▸ **INSTRUCTIONS TO FOLLOW**:
In the entries that follow, find the line containing "没想到今年又开始传谣了,可能" and the line containing "지난번에 태국바다 한가운데", then retype exactly the lines from the first through the second, pictures excluded.

▸ **INFORMATION GIVEN**:

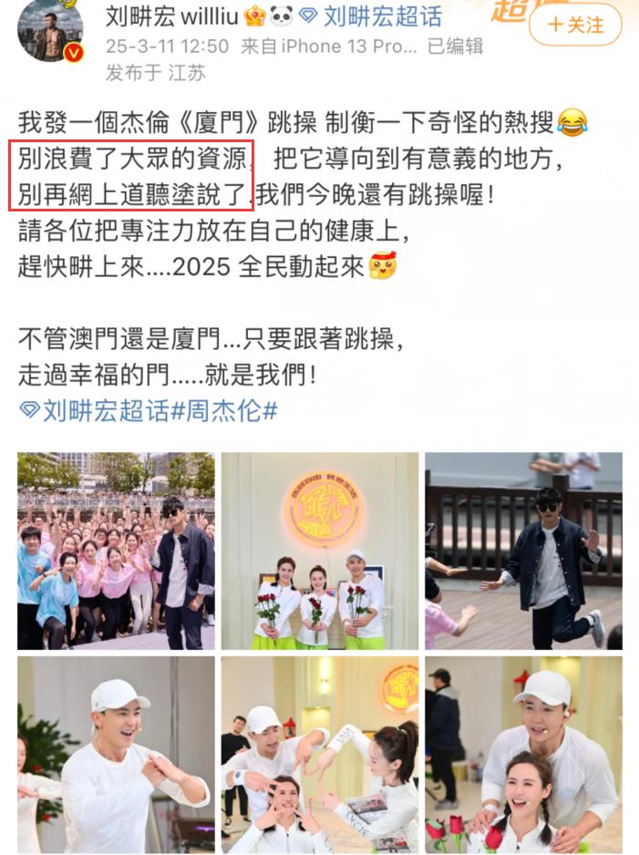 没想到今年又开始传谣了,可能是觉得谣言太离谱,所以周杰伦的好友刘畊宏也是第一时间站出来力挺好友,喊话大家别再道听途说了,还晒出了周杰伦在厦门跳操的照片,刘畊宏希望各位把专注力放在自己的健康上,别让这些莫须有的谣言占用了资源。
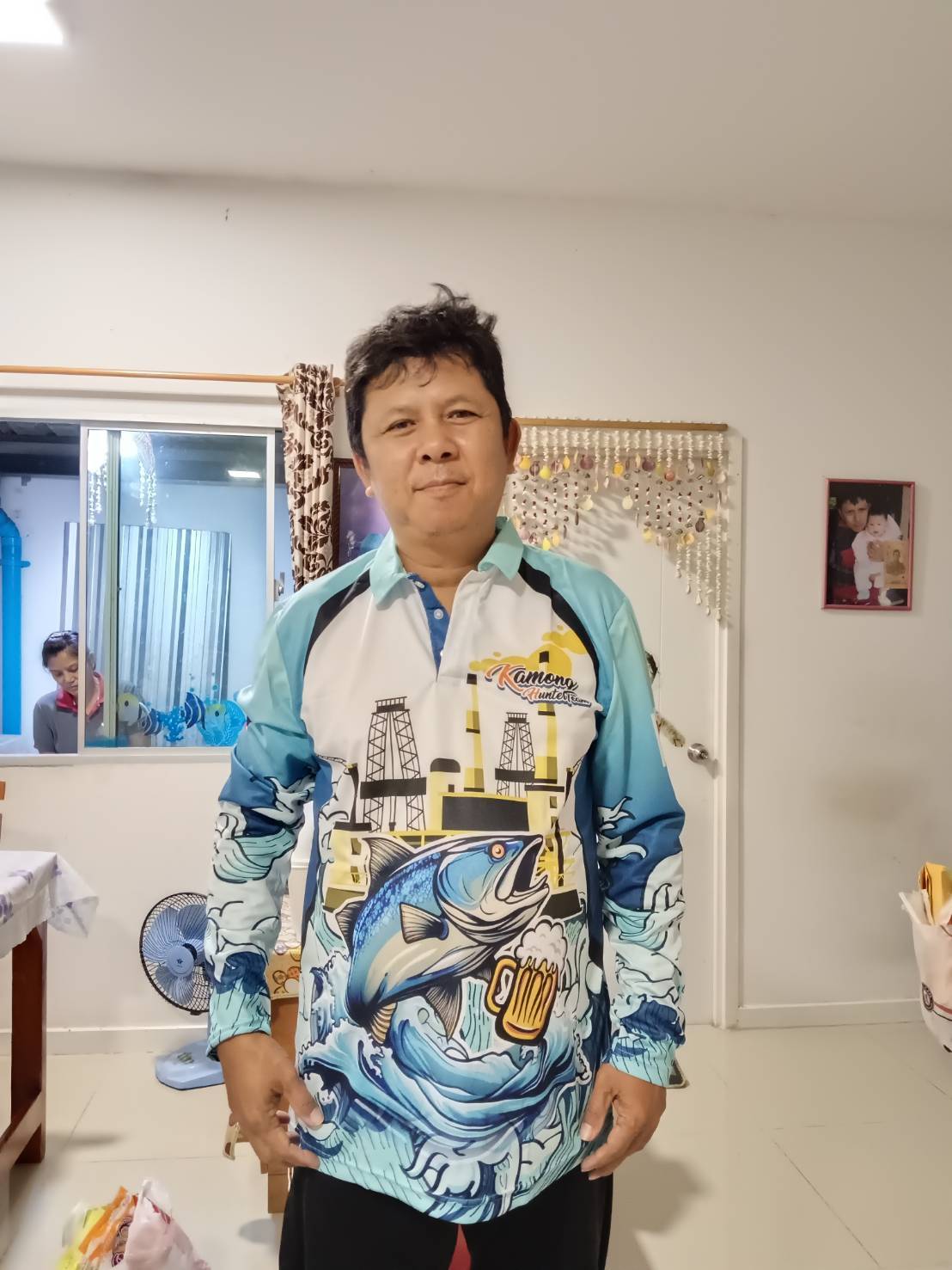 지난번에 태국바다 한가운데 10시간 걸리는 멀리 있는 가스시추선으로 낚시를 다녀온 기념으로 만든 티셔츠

==

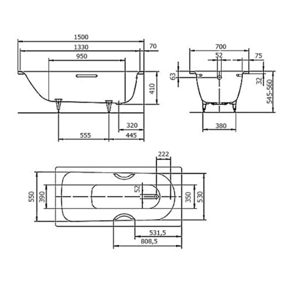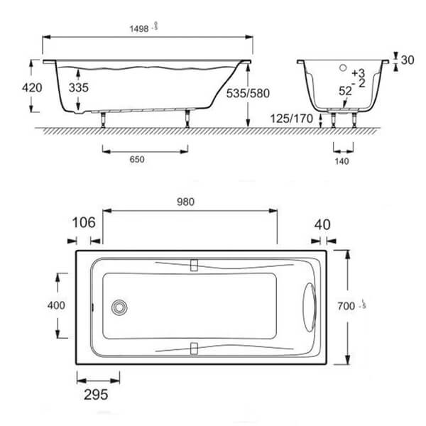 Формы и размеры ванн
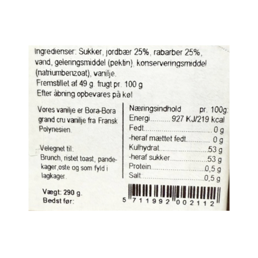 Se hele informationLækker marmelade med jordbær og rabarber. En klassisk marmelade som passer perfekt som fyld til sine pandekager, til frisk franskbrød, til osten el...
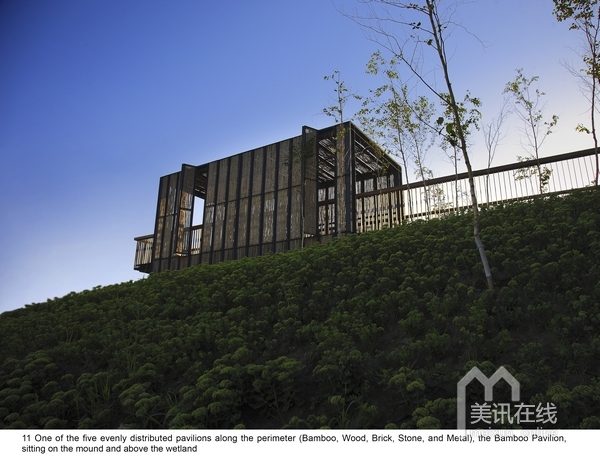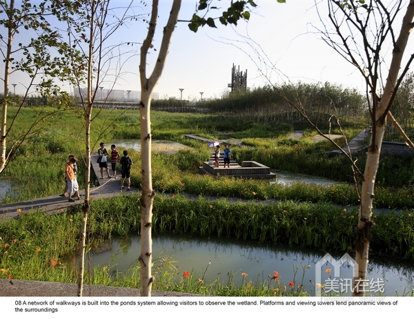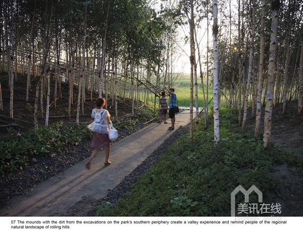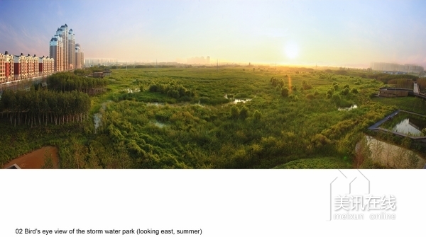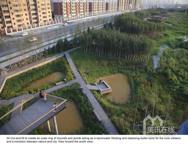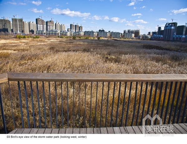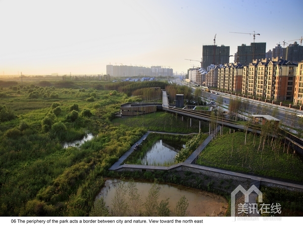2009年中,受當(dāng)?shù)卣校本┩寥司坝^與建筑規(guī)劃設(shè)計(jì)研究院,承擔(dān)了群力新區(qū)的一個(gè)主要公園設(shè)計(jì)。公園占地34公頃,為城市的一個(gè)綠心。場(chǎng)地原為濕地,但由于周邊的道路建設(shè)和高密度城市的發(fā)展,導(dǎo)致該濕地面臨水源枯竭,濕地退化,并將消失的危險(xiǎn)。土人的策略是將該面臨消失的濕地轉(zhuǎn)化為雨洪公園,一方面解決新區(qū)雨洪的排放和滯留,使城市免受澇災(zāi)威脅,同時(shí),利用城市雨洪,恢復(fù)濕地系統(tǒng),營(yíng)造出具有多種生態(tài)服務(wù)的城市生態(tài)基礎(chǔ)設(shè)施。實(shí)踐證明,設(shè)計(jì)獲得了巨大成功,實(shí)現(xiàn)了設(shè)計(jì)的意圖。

▸ **EXERCISE OUTPUT**:
 没想到今年又开始传谣了,可能是觉得谣言太离谱,所以周杰伦的好友刘畊宏也是第一时间站出来力挺好友,喊话大家别再道听途说了,还晒出了周杰伦在厦门跳操的照片,刘畊宏希望各位把专注力放在自己的健康上,别让这些莫须有的谣言占用了资源。
 지난번에 태국바다 한가운데 10시간 걸리는 멀리 있는 가스시추선으로 낚시를 다녀온 기념으로 만든 티셔츠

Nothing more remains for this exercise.